Little did I know when I started this blog that the title would expand, requiring me to ask this question of so many new situations in my life....

Tuesday, August 29, 2006

Another Cajun Trinity......



Down here, good food, good drink and good music are part of any occasion. Whether we're celebrating or mourning, a warm spicy bowl of gumbo, a cold beer, and a little zydeco or jazz sooth the soul. Today we'll be remembering and trying to make sense of what happened a year ago. I have no doubt that the elements of this Cajun Trinity will be involved in most of this reminiscing.

This brings up another one of those losses on a list that never seems to end. So many recipes were lost in the storm. To some, this may not seem too important, but, down here, it matters--a lot. People are searching for recipes that were part of their lives--that favorite doberge cake for birthdays, that favorite sweet potato casserole for the holidays. Food brings continuity, familiarity, and comfort to lives that have been so drastically changed. There is a recipe for diaspora gumbo making the rounds.

When LSU won the BCS national championship in football there was so much music written to honor the occasion. That's the way it is here. Katrina has her own music. Here's a link to one of my favorites: Our Home Louisiana

http://www.bcbsla.com/web/media/Our_Home_Louisiana.mp3

So many ugly images of New Orleans and Louisiana have gone out across the world (deservedly so in some cases), but there is so much more to this state and its people. I read a comment saying New Orleans, in any season, is not for the faint of heart and that may be true. Yet, if she casts her spell on you--she's got cha--forever.

If things had gone differently after the storm, if things had been done correctly, if things had been done....I think, I hope, we would have seen a different story playing out on tvs across the world. I've heard people say that what we saw in NOLA could/should have opened a national forum on race and poverty. Why didn't it?

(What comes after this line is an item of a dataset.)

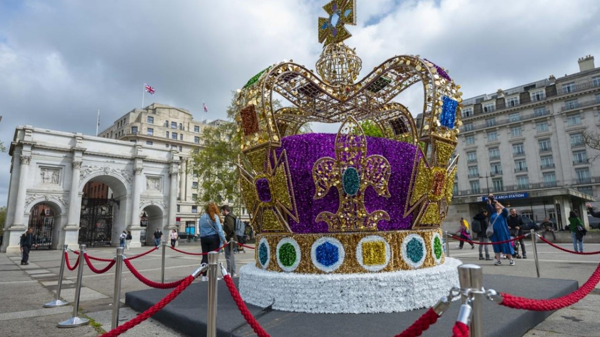 Taç giyme töreni kutlamaları kapsamında başkent Londra`da 5 metrelik dev bir Kraliyet Tacı maketi kuruldu.
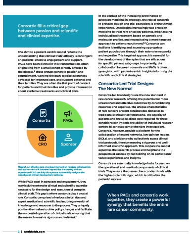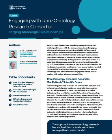 Rare oncology diseases present inherent challenges for interventional clinical trials. To enhance the quality of clinical discovery, participant experience, and overall chances for success, there is a steady increase in the role of specialized research consortia. These groups of experts, including medical doctors and scientists, ensure more targeted and effective research by working with clinical site networks and addressing the challenges specific to the rare oncology space. The focus is shifting from a trial-centric to a patient-centric approach, which enhances trial rigor and gives patients a scientific voice in tandem with patient advocacy groups (PAGs).

As the current Battle of New Orleans is being fought, I think it is important to remember the severity of what happened to the city and its people. These excerpts from an article in the NY Times describing NOLA in the days after Katrina zero in:

"....a catatonic city, in which basic societal tenets - such as, we collect our dead - had joined other precious belongings in floating away."

"A full week after the hurricane, as the colossal forensic challenge before them came more clearly in focus, various government officials struggled with an awkward but unavoidable question: who is going to pick up the bodies? Federal and state officials quarreled with one another over who had responsibility for collection: The Federal Emergency Management Agency? Louisiana? The National Guard? Meanwhile, dead Americans decomposed on American soil."

"Civilizations are often judged by how they treat their deceased," Mr. Jensen said. In the case of the Louisiana dead, he added, "the system failed."

Blame, disgust, judgment....bring it on. Just keep it in context, please.